I’m working with tracks created by voice actors for the game I’m making, and I need to trim them to have as little silence at the beginning and end as possible. The tracks have been delivered to me as WAVs. Some of the tracks I export to WAV end up with an audible pop at the end. And I can’t make it go away.
I cut at zero crossing (used “Z” to make sure if it), I’ve silenced the split second of silence preceding and following the recording, I’ve normalized them, and removed DC offset (even though there was none), I cleared metadata even. All to no avail.
Another possibility is that it isn’t the file at all, but just your sound card “switching off” when it stops playing at the end of the file. If this is the case, you would expect it to happen with all files, not just WAV files.
I’ll have to look into the second possibility, the sound card switching off and making the pop.
Since I have about a 20th of a second at the end of the track that is complete silence (i.e. no waveform), I would not expect that would make for two separate zero crossings across two tracks, also I cannot see them when I’m zoomed in all the way…
When I reimport the exported file into audacity, there are no artifacts at the tail end of the track, where the pop should be.
I’ll try playing this on a different device, and will report back with findings.

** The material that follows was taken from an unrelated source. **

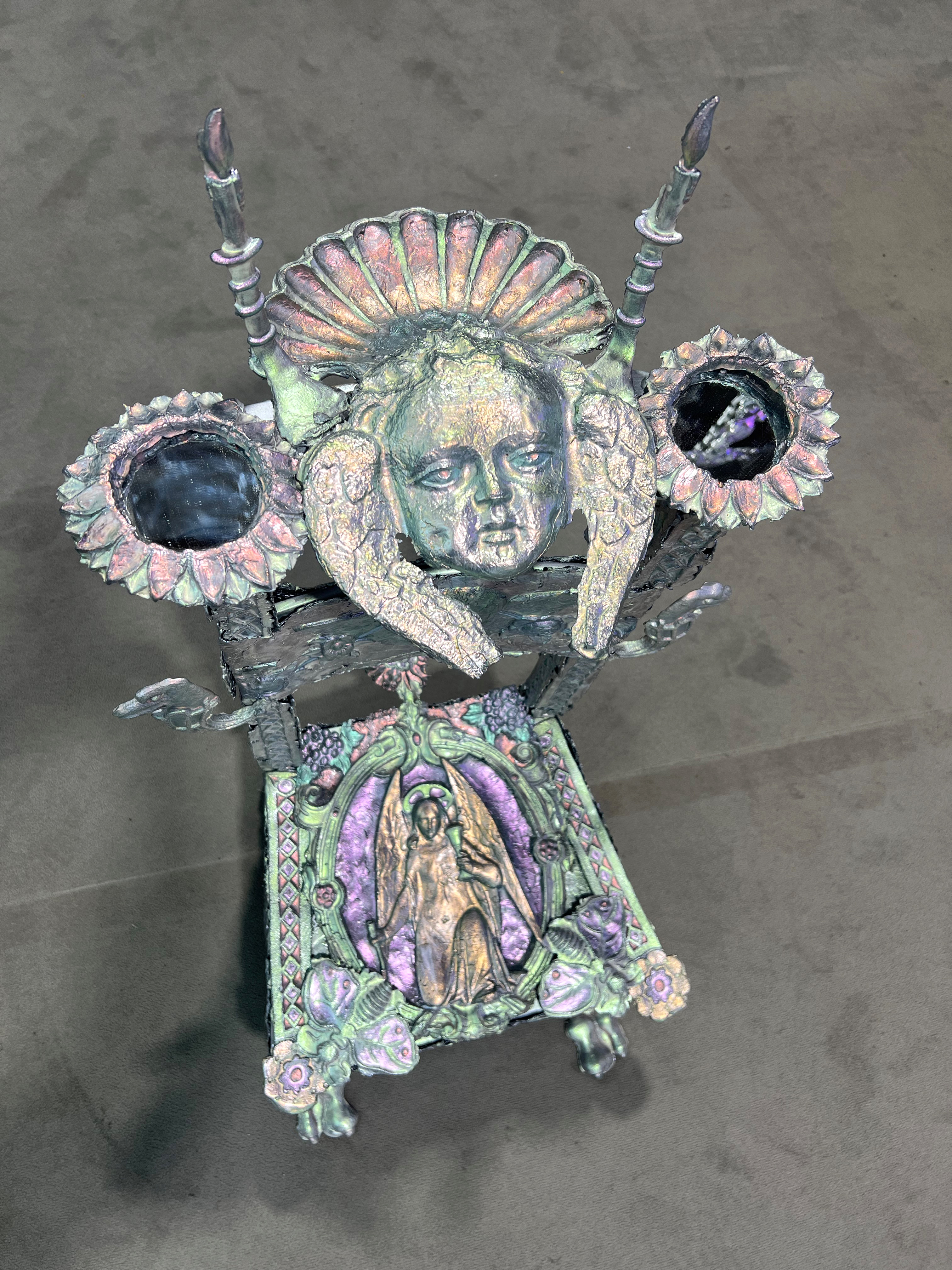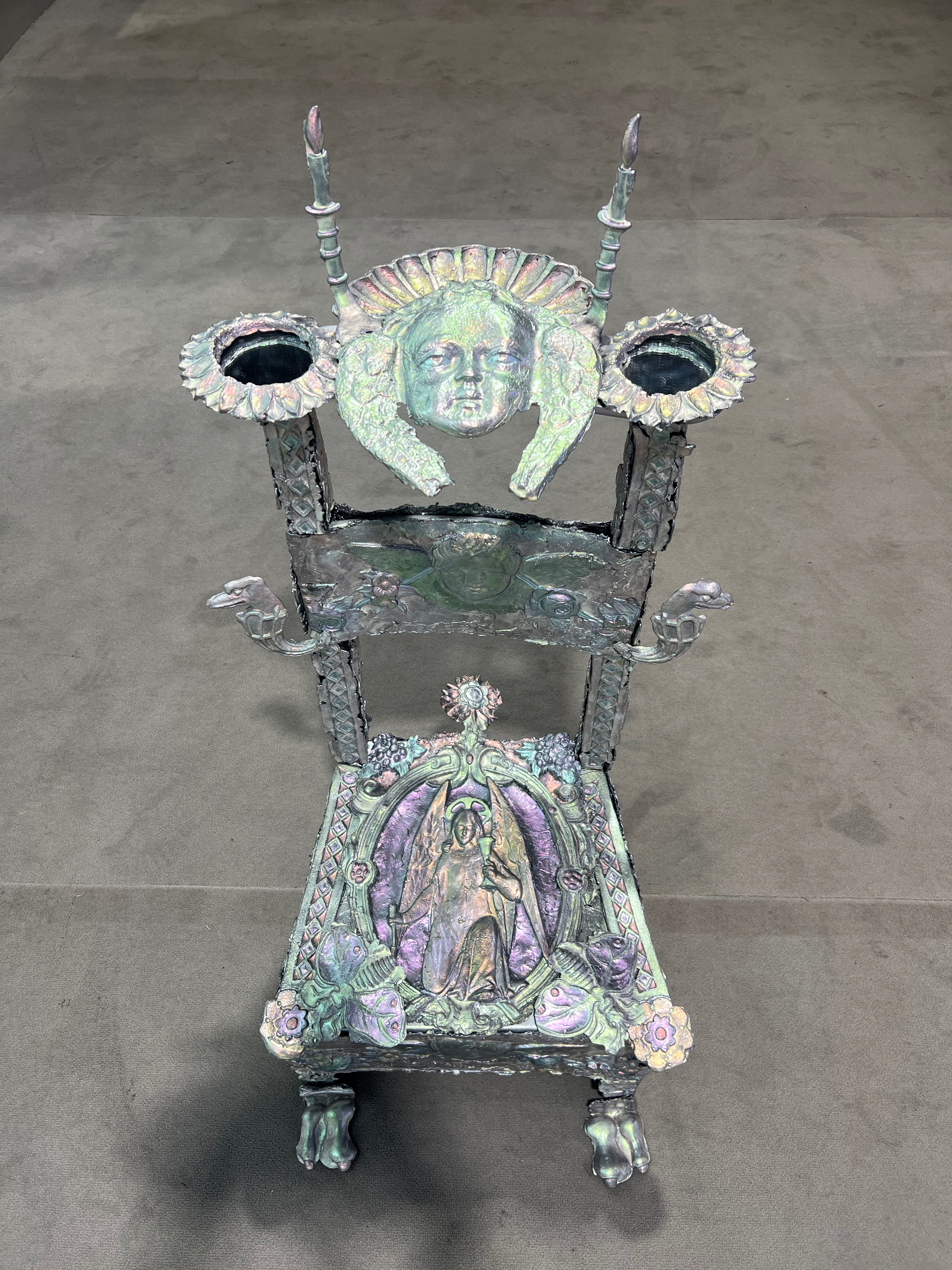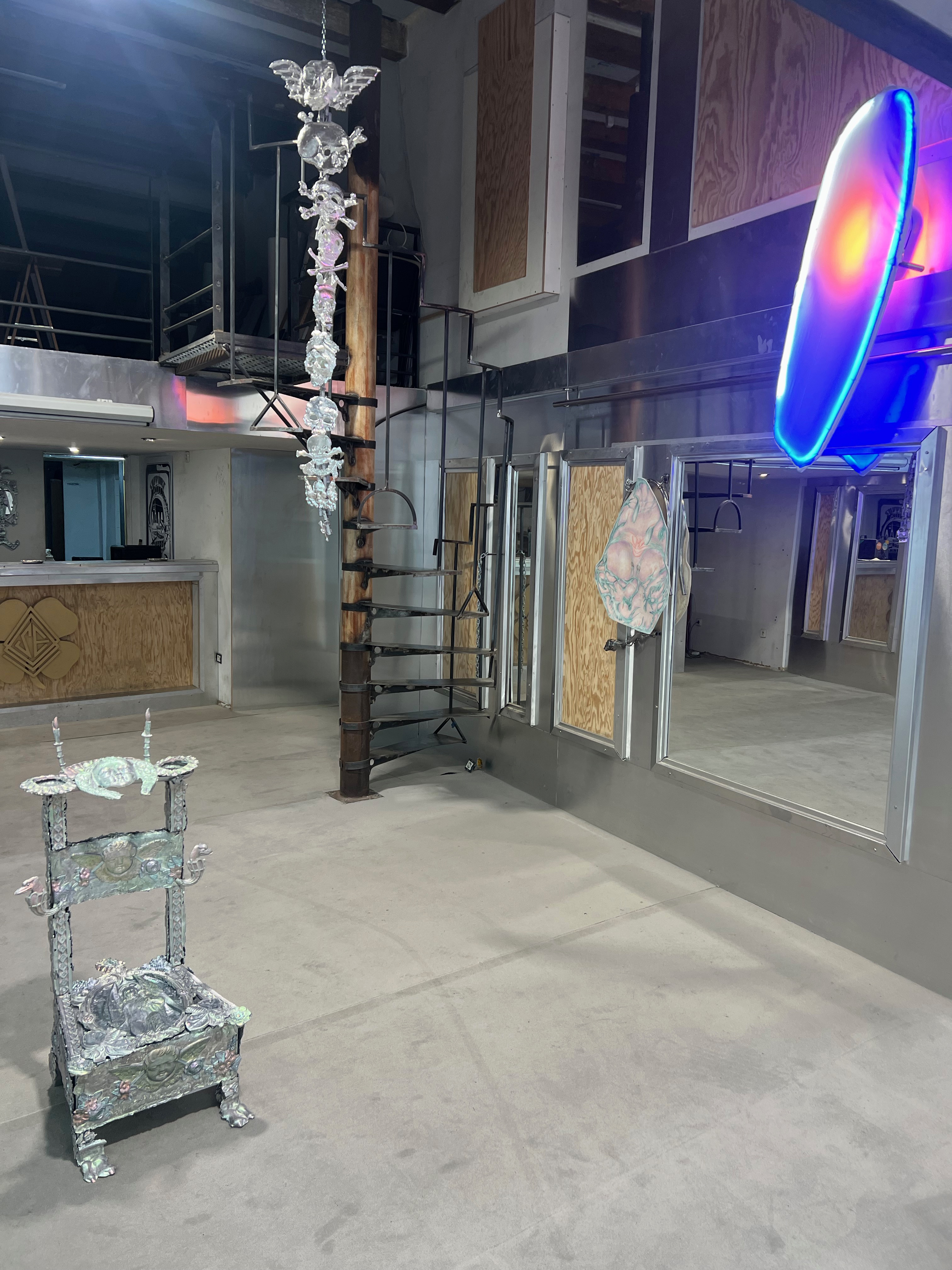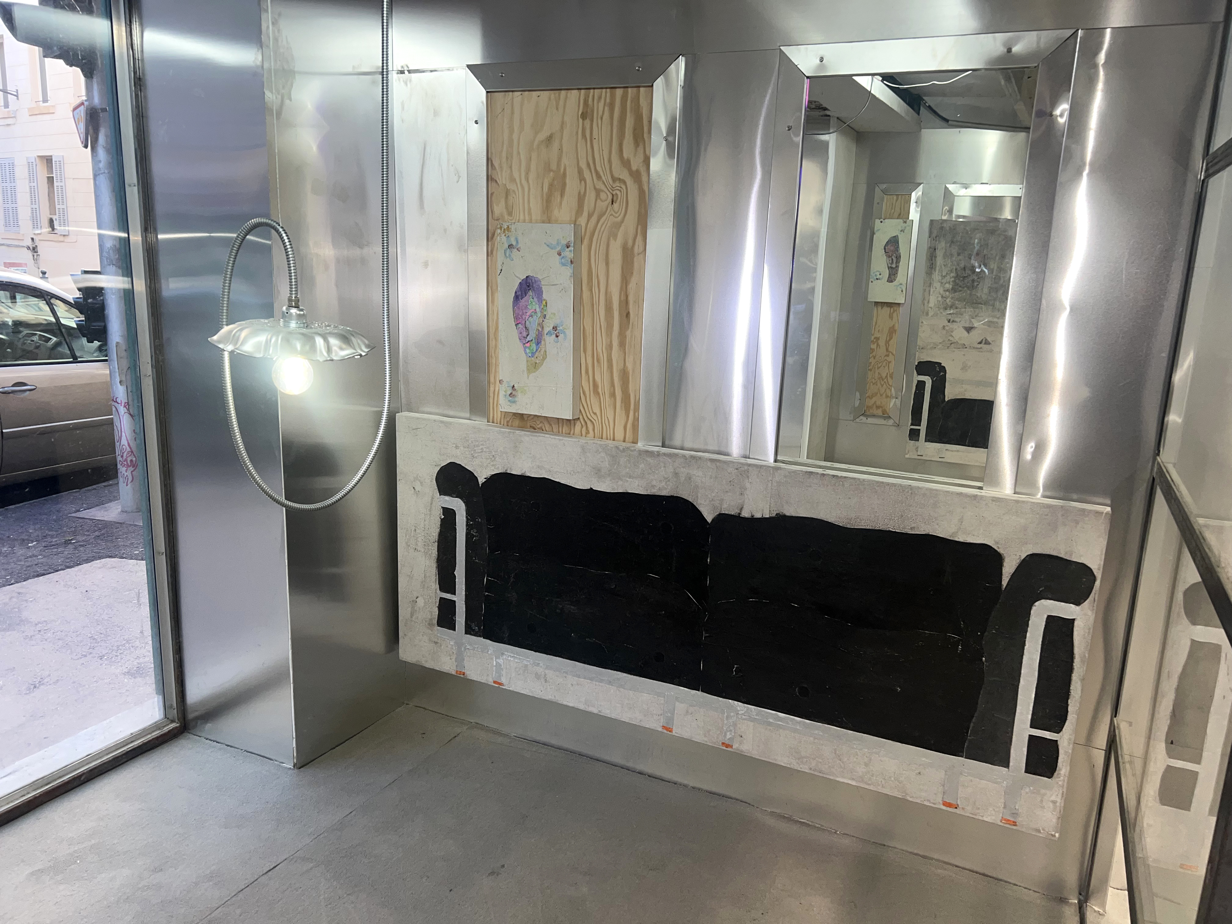 Société Étrange, Marseille 08/01/2026 - 01/02/2026 Une carte blanche à Jean-Baptiste Janisset qui invite Naomi Maury, Antoine Nessi, Paul Paillet Texte de Camille Velluet L’exposition imaginée par Jean-Baptiste Janisset ménage un espace de repos – physique et psychique –, de redescente possible face à une certaine accélération qui parasite nos modes de vie, une perte de repères imposée dans un lieu à la fois clinique et chaleureux. C’est de cette ambivalence dont s’imprègnent les artistes invité·es dans une exposition qui se conçoit comme un asile pour se préserver de maux visibles comme imperceptibles. Il s’agit alors d’ouvrir la voie à une forme d’exorcisme ou d’échappatoire pour se confronter à d’autres temporalités et explorer différents dérivatifs, pratiques, croyances ou stratégies de repli pour habiter ou s’abstraire d’un monde sans dessus dessous. Les fauteuils de Paul Paillet prolongent une série précédente qui évoque des micro-sociétés vivant en vase clos, assises ou allongées dans des canapés, sans réel contact avec l’extérieur. Échos à différentes expériences personnelles et intimes, ses peintures rappellent aussi la salle d’attente, le sas qui précède la consultation ou encore le divan sur lequel on s'épanche. Ces assises, qui par essence impliquent un usage solitaire, tout comme les sculptures lumineuses de l’artiste, suggèrent un espace liminaire, une antichambre entre le lieu domestique suranné et le cabinet du thérapeute. Ces lampes de Paul Paillet résonnent avec les halos luminescents de Naomi Maury. Dérivant de cellules que l’on retrouve chez tous les êtres vivants, ses formes organiques renvoient aux médecines parallèles comme la luminothérapie. Plus largement, la pratique de l’artiste interroge la manière dont nous prenons soin et entretenons les corps pour déjouer leur obsolescence programmée. Naomi Maury étudie comment, dans une logique ultra-tayloriste, la médecine actuelle tend à repousser nos limites physiologiques et en quoi divers objets high-tech viennent prolonger et transformer nos membres de manière quasi prothétique. Les dessins sur gravures d’Antoine Nessi préfigurent les environnements sculpturaux qu’il conçoit. Ils déploient des visions dystopiques qui présagent d’un avenir dans lequel le peuple serait abreuvé d’un lait apte à diffuser une pensée fasciste. Ce liquide coule à flots à travers différents robinets et auges proches de celles présentes dans les abattoirs et les élevages intensifs. Dans cet univers, le mobilier implique une aliénation des corps et tout semble mis en place pour orchestrer un aveuglement des esprits selon un système de pouvoir oppressif. Ces tableaux qui se font le reflet d’un inconscient collectif s’apparentent à des simulations d’un futur à plus ou moins court terme ou d’un présent qui endort nos consciences. Le trône de Jean-Baptiste Janisset émane d’un prie-dieu récupéré aux alentours de Marseille. Témoin d’une histoire à laquelle s'agrègent des fragments de monuments prélevés par l’artiste dans différents lieux souvent liés au culte, cet objet devenu syncrétique revêt divers régimes ornementaux empreints de charges symboliques. Désormais dénué d’une dimension liturgique, il se teinte pourtant d’une force mystique aux vertus curatives. À travers différents registres, les travaux réunis dans ce lieu cultivent une zone de friction au sein de laquelle corps et esprits cheminent entre perte de contrôle et état de veille. De manière plus ou moins équivoque, les pièces participent à la création d’une atmosphère nébuleuse qui permet d’accéder à différents états de conscience. L’exposition aborde la notion de soin dans une dimension tour à tour médicinale et ésotérique. À une époque où le progrès scientifique pousse les corps à toujours plus de performativité, où les substances chimiques font office de loisir récréatif comme de palliatif réconfortant, où une existence sous sédatif paraît presque constituer un mode de vie enviable, L’esprit en thérapie interroge nos manières de nous acclimater à un monde qui semble désynchronisé, entre fuite en avant et quête de guérison.

So I sent the file to my phone, and when I play it back there, there’s no pop at the end. Guess Option 2 was the answer.
That’s annoying though, that I can’t verify that my exports are pop-free on the laptop I’m using to make the edits. Nothing to be done about that though.
A little “trick” to work around the problem if it happens in Audacity:
Add a label beyond the end of the track. That allows you to play past the end of the audio track, so you just need to listen to ensure there is no click at the end of the audio.